• [REQUIRED WORK]: Every line from the one containing "February Average and" through the end of the listing below goes in the output, exactly and without pictures.
━━ RAW DATA
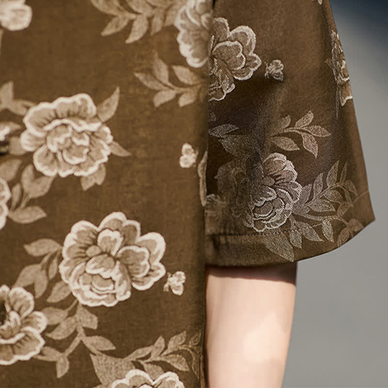 Buddha Stones Retro Frog Buttons Mandarin Collar Floral Jacquard Men's Short Sleeve Shirt
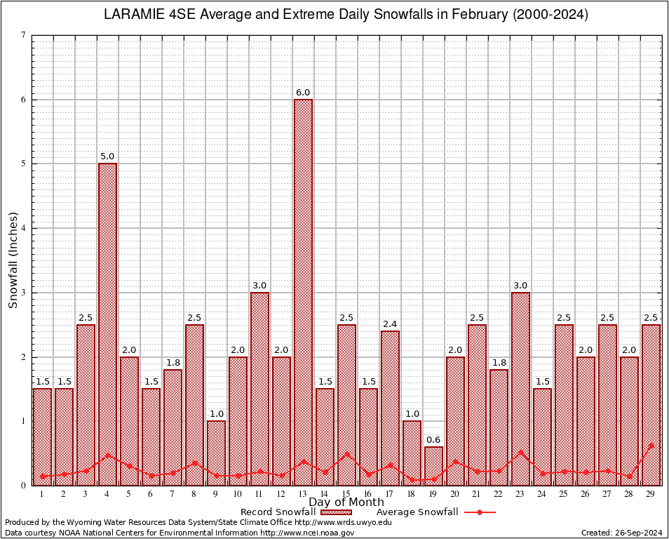 February Average and Extreme Daily Snowfall AMounts (2000-2024)
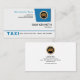 Das Design weist den Kontrast von Blau und Weiß auf. In der oberen rechten Ecke befindet sich das goldene Logo eines Taxiführers in einem blauen Trapez-Logo des Imitats. Zu seinem links, ist der Firmenname und Slogan Option. Direkt unter dem blauen Tab befinden sich Ihr Prestigename und Ihr Jobtitel. In der Nähe der Basis befindet sich eine blaue Markierung, in der alle Details untergebracht sind. Auf der Seite steht der Geschäftstyp "TAXI". Sie können dies je nach Art des Verkehrsgeschäftes, das Sie anbieten, ändern, z.B. Flughafentaxi, Limo-Service etc. Darüber hinaus finden Sie hier die Kontaktnummern.
━━━━
• [TASK RESULT]:
 February Average and Extreme Daily Snowfall AMounts (2000-2024)
 Das Design weist den Kontrast von Blau und Weiß auf. In der oberen rechten Ecke befindet sich das goldene Logo eines Taxiführers in einem blauen Trapez-Logo des Imitats. Zu seinem links, ist der Firmenname und Slogan Option. Direkt unter dem blauen Tab befinden sich Ihr Prestigename und Ihr Jobtitel. In der Nähe der Basis befindet sich eine blaue Markierung, in der alle Details untergebracht sind. Auf der Seite steht der Geschäftstyp "TAXI". Sie können dies je nach Art des Verkehrsgeschäftes, das Sie anbieten, ändern, z.B. Flughafentaxi, Limo-Service etc. Darüber hinaus finden Sie hier die Kontaktnummern.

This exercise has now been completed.